WHAT YOU HAVE TO DO: From the line with "タクシーでブッセート駅まで行" to the line with "一开始打电话送18彩金然后我", retype each line exactly as it stands in the records below, but skip the pictures.

EXTRACTED MATERIAL:

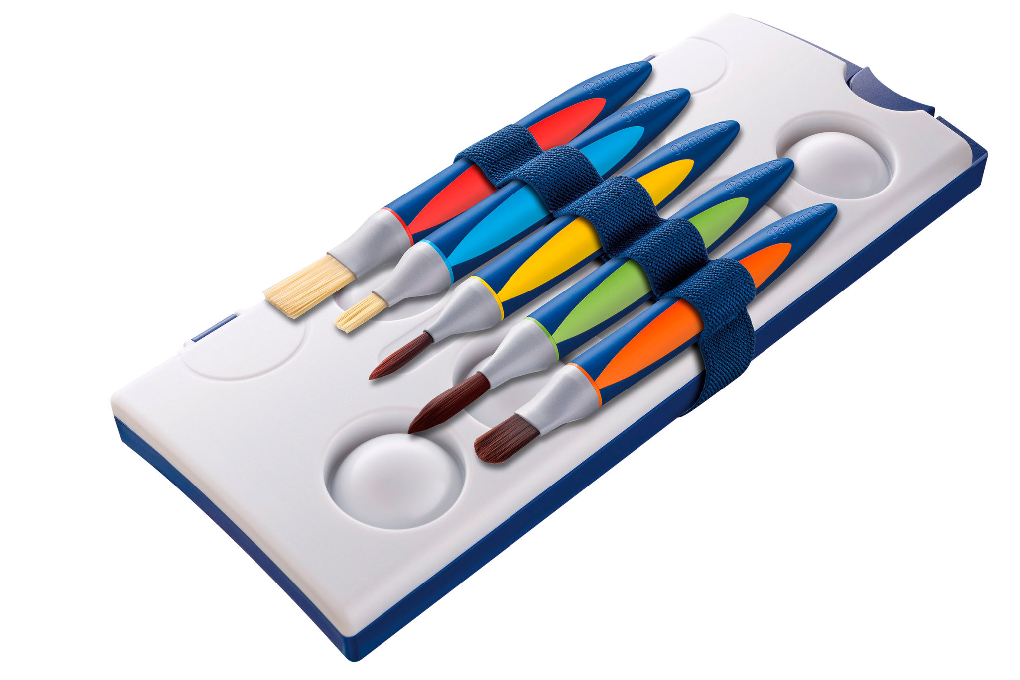 Thanks to their special ergonomic and non-slip triangular handles, Pelikan griffix brushes are exceptionally comfortable to hold thanks to their child-friendly length. The shape also prevents the brushes from rolling away. All Pelikan griffix brushes with premium-quality synthetic bristles are dimensionally stable and do not shed. Furthermore, the griffix brushes are very easy to clean and dry quickly – so they’re ready to create new, colorful worlds in no time. The griffix brush set consists of two brushes with flat heads, like classic bristle brushes (sizes 12 and 6), two brushes with round heads, like traditional hair brushes (sizes 10 and 6), and one synthetic brush (size 10). The flat griffix brush in size 12 is ideal for large areas. The size 6 brush makes it easy for children to paint smaller areas, edges, and rough lines. The Griffix hair-like brush with a rounded tip in size 10 is perfect for curved lines and larger details, while the size 6 brush is ideal for fine details. Finally, the Pelikan Griffix synthetic brush in size 10 – a so-called cat’s tongue brush – is the all-rounder and excellent for strokes, curves, and flowing lines. All Griffix brushes are held together by the brush band included in the set and can thus be attached directly to the paint box. Pelikan quality – Made in Germany
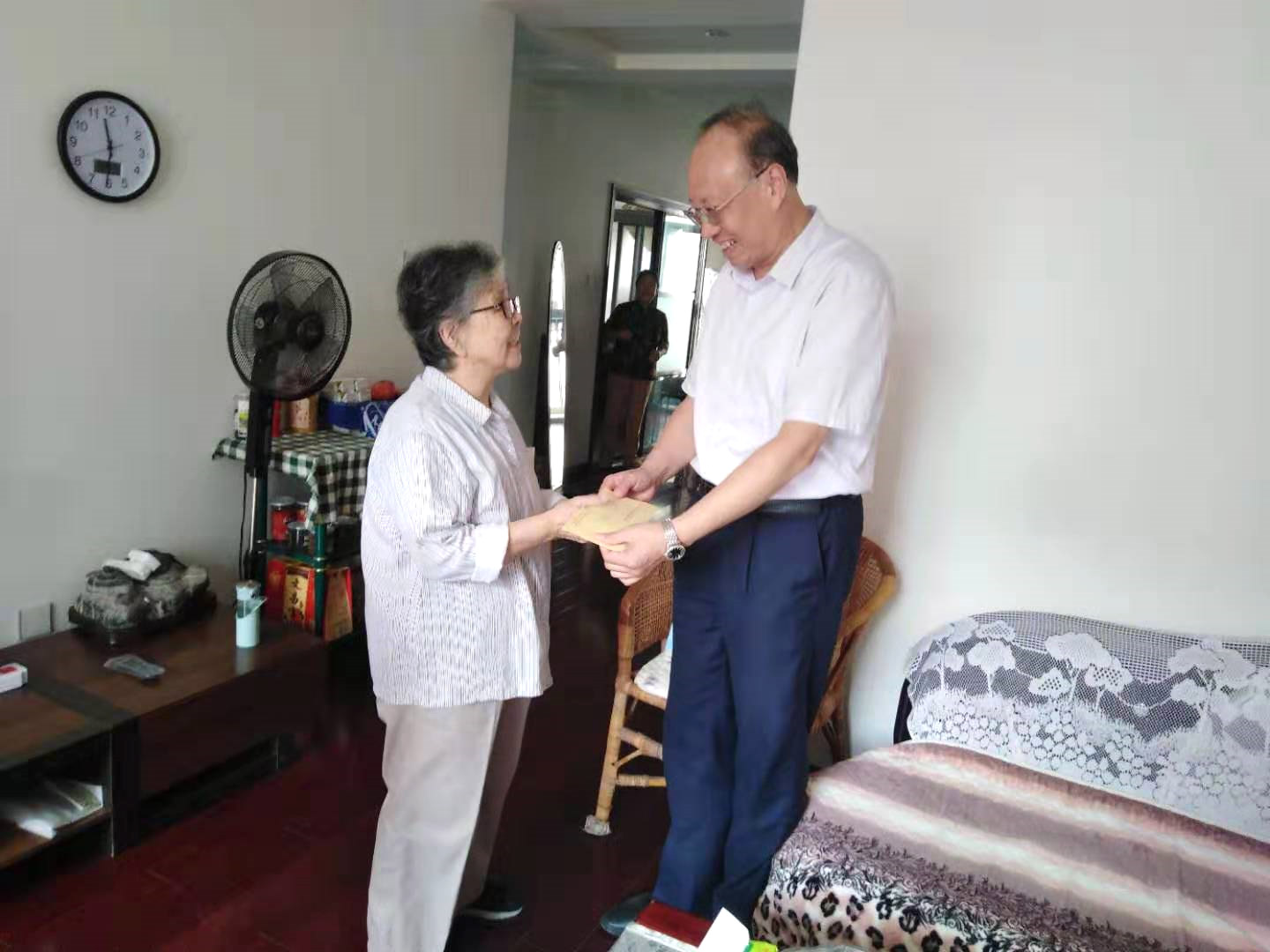 9月29日上午,集團公司黨委副書記張正和帶社區(qū)、黨委工作部有關(guān)同志驅(qū)車前往合肥,專程上門慰問在新中國成立前參加革命工作的老干部、老黨員。9月30日上午,張正和又來到居住在皖維社區(qū)和巢湖市的老干部、老黨員家中看望慰問,并送上慰問金。
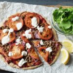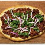 Tomato base, garlic, black pepper, lamb with spices, mozzarella, sliced onions, and baby
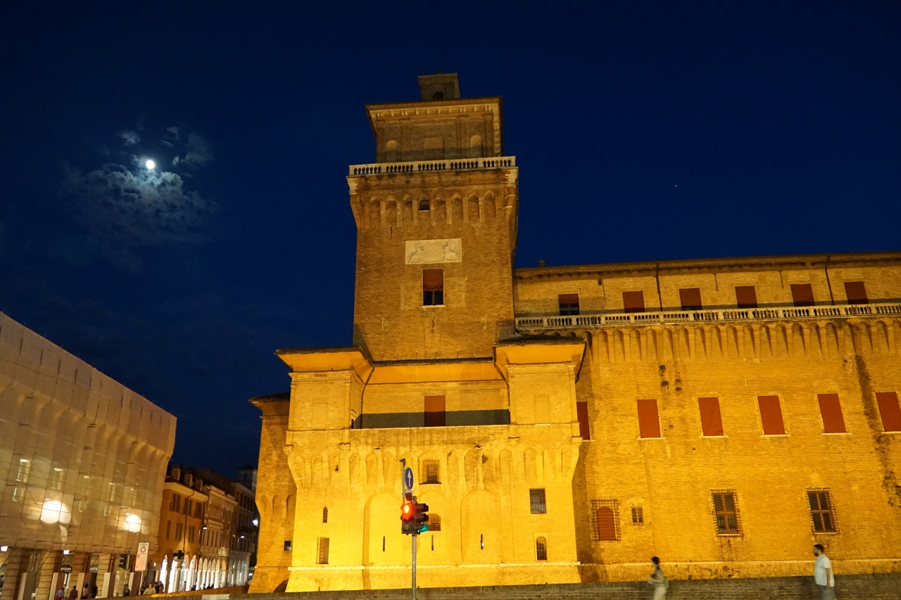 タクシーでブッセート駅まで行き、バスでフィデンツァ駅で下車。ボローニャで乗り換えてフェッラーラに到着です。ホテルはエステンセ城に近いプラティー。
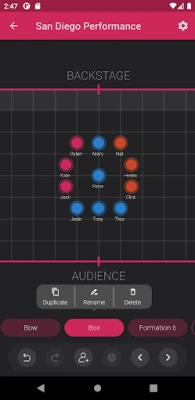 Easy, fast and stylish ArrangeUs has everything to help choreographers to move their formations from paper to the App. With this App you can: - watch animated transitions; - name your dancers and change their colors; - leave comments for each position; - customize stage with various settings (including its size); - undo any of your actions;
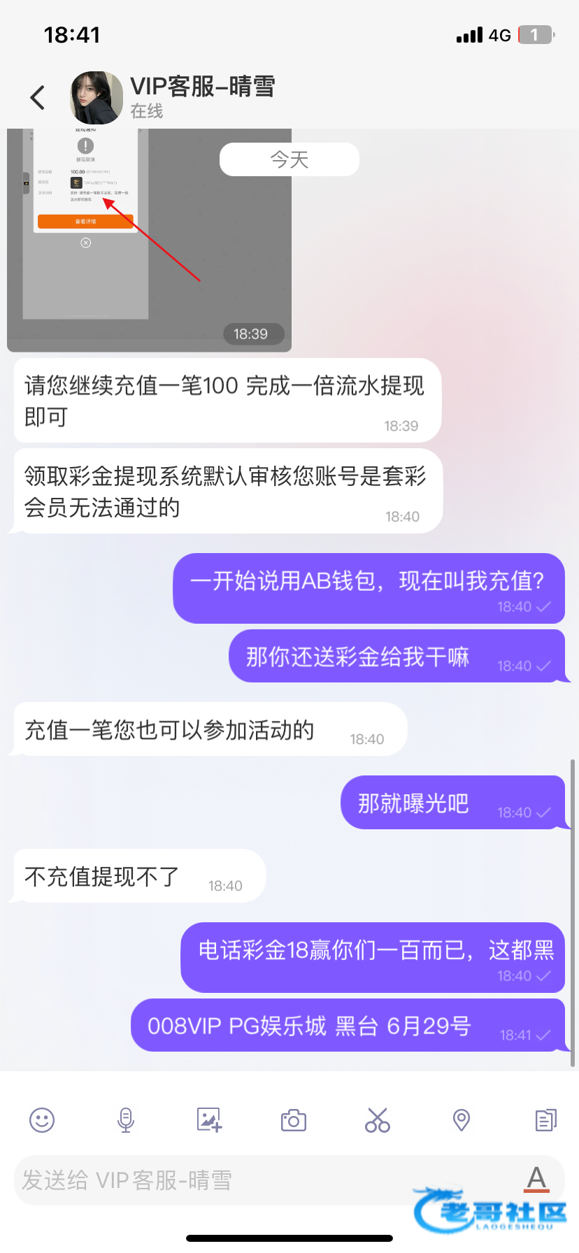 一开始打电话送18彩金然后我赢到100提现一开始提银行卡然后叫我用虚拟币提现后面我用AB钱包提现让我充值一百 客服也是牛逼得狠
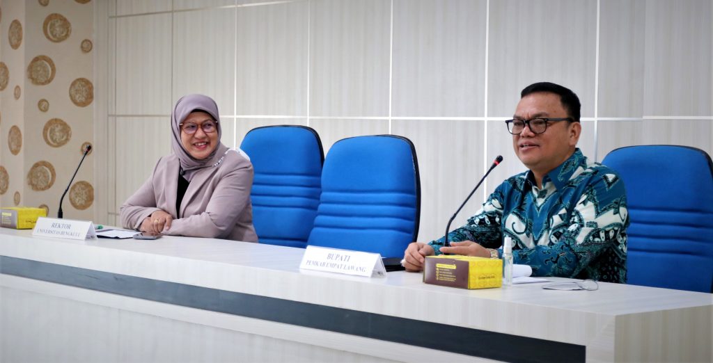 BUPATI Kabupaten Empat Lawang Provinsi Sumatera Selatan, H. Joncik Muhammad, S.Si, S.H, MM, MH, berkunjung ke Universitas Bengkulu dan menandatangani nota kesepahaman kerjasama atau Memorandum of Understanding (MoU) dengan Rektor UNIB Dr. Retno Agustina Ekaputri, S.E, M.Sc, di ruang rapat tiga rektorat UNIB, Jumat (24/6/2022).
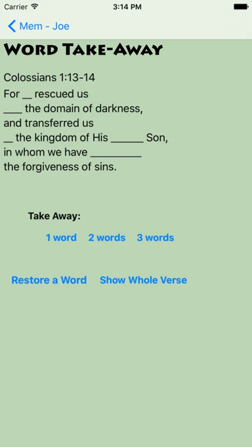 - Memory games such as Phrases (show a phrase at a time), Word Take-Away, and Reference ID (gives the Scripture text and lets you choose the reference)
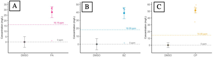 Figure 4. Marginal mean ± 95% CI of concentrations of pirinixic acid PA (A), bezafibrate BZ (B), and ciprofibrate CP (C) using LC/MS/MS. Panels A–C represent concentrations in exposure solution from pooled water samples collected at the initiation of each temporal block (n = 9) taken immediately after addition of the tadpole. Dashed line represents nominal concentration for exposure solution (A–C).
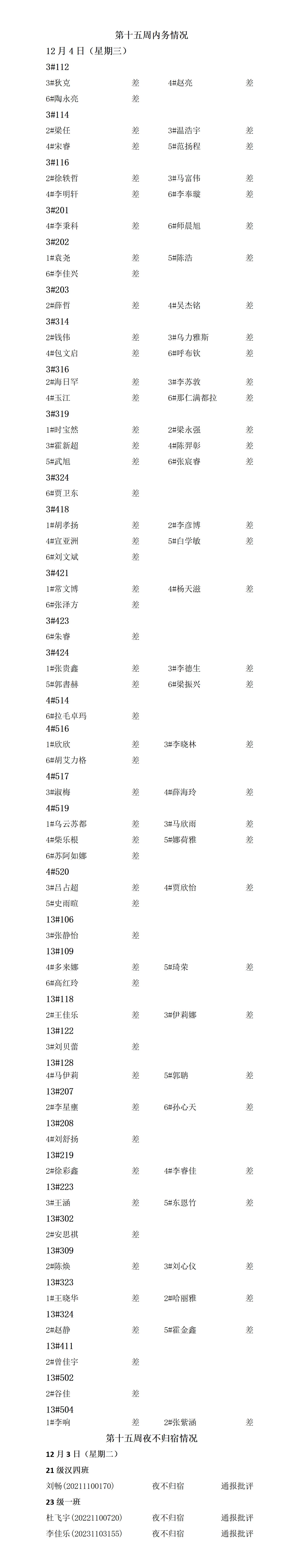 数学科学学院2024——2025年度第一学期第十五周通报情况

YOUR SOLUTION:
 タクシーでブッセート駅まで行き、バスでフィデンツァ駅で下車。ボローニャで乗り換えてフェッラーラに到着です。ホテルはエステンセ城に近いプラティー。
 Easy, fast and stylish ArrangeUs has everything to help choreographers to move their formations from paper to the App. With this App you can: - watch animated transitions; - name your dancers and change their colors; - leave comments for each position; - customize stage with various settings (including its size); - undo any of your actions;
 一开始打电话送18彩金然后我赢到100提现一开始提银行卡然后叫我用虚拟币提现后面我用AB钱包提现让我充值一百 客服也是牛逼得狠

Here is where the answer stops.